• [Aim of the exercise]:
Exact copies of the lines below, from the one with "ということで、初音ミクの初代パッケージをじっくりみながら描いた。" up to and including the one with "2024年中国钟表协会、渤海", are what this calls for; leave out pictures.

• [Dataset excerpts]:
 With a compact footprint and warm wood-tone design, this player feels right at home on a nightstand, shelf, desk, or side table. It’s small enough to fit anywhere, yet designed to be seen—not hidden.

==

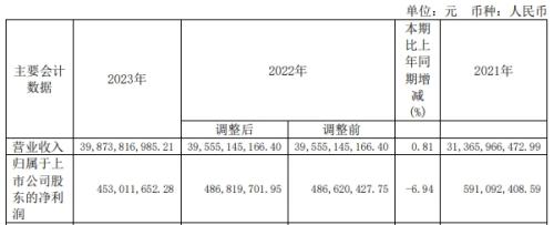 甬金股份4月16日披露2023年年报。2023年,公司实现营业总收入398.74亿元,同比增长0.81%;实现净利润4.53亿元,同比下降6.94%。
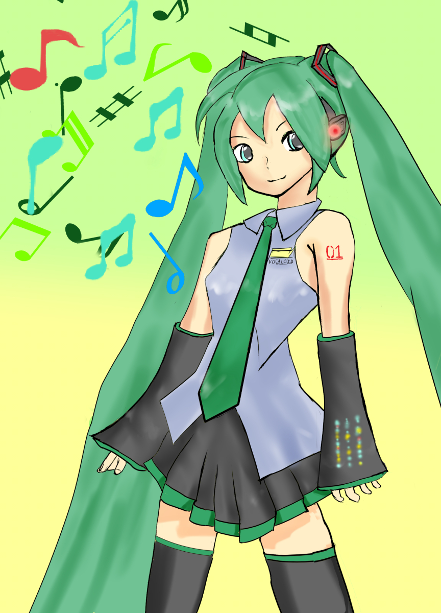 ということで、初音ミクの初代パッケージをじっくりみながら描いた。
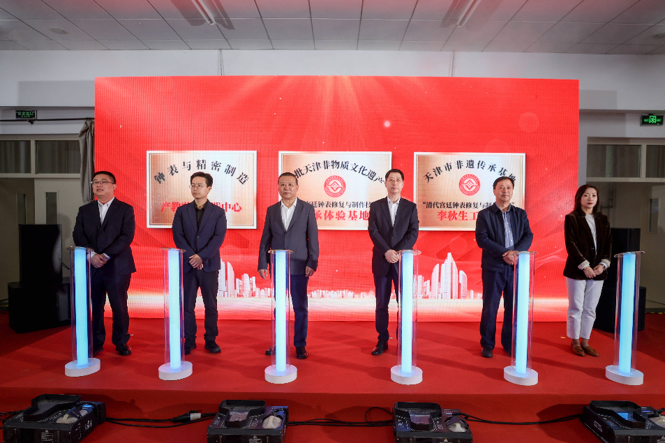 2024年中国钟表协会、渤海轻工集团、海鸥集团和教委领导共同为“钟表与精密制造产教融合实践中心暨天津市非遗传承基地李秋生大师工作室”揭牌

• [Task output]:
 ということで、初音ミクの初代パッケージをじっくりみながら描いた。
 2024年中国钟表协会、渤海轻工集团、海鸥集团和教委领导共同为“钟表与精密制造产教融合实践中心暨天津市非遗传承基地李秋生大师工作室”揭牌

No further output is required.